You will say, if the British Government chooses to deal in opium, that is not our concern. It is most emphatically our concern. Once a month, at these great auction sales, the British Government distributes thousands of pounds of opium, which are thus turned loose upon the world, to bring destruction and ruin to the human race. The buyers of this opium are not agents of the British Government. They are merely the distributors, through whom this drug is directed into the channels of trade.' The British Government derives a certain portion of its revenue from the sale of opium, therefore depends upon these dealers to find a market for it. ' They are therefore, as distributors, the unofficial agents of the British Government, through whom it is sold legitimately, or smuggled around the world. In seeking to eradicate the drug evil, we must face the facts, and recognize clearly that the source of supply is the British Government, through whose agents, official and unofficial, it is distributed.

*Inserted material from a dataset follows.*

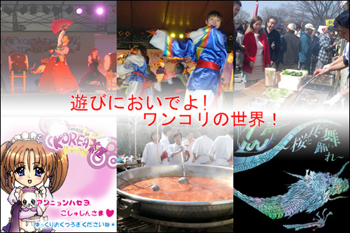 管理人にイベント作成していいかメールで 聞いたんだけど、忙しいらしく、許可をもらって いませんが、もうすぐ開催なので、勝手に イベント告知のせちまいます!!! ごめんよナツミ・・・--;; で、なんか今コミュでちょろっと 「オフ会で花見いかない?」って感じの雰囲気が 漂ってるので、すけとむーちょからアドバイスを 参考にして、提案をします! 「(俺がスタッフやってる)ワンコリアフェスティバルに コミュのみんなで来てはどうですか?」 桜も見れます。韓国料理もくえます。生ビールとか カクテルも飲めます。Aボーイ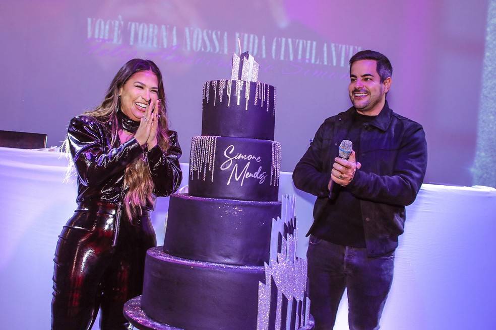 Simone Mendes não segurou às lágrimas e se emocionou com a homenagem da família em sua festa de 39 anos, nesta quarta-feira, 24/5, em São Paulo. A aniversariante apostou em um macacão preto, de vinil, com decote e justinho para curtir o seu dia.

America, so they tell us, is now menaced by the drug evil. Now that prohibition is coming into effect, we are told that we are now confronted by a vice more terrible, far more deteriorating and dangerous. If that is true, then we must recognize our danger and guard against it. Some of the opium and morphia which reaches this country is smuggled in; the rest is imported by the big wholesale drug houses. There is an unlimited supply of it. As we have seen, the British Government encourages poppy production, even to the extent of lending money without interest to all those who are willing to raise this most profitable crop. The monopoly opium is sold once a month to the highest bidders, and some of these highest bidders are unscrupulous men who must find their markets how and where they can. That fact, of course, is of no moment to the British Government. It is of deepest concern to Americans, however. To the north of us we have the Dominion of Canada. To the south, the No-Man's Land of Mexico. At the present moment, the whole country is alarmed at the growing menace of the drug habit, which is assuming threatening proportions.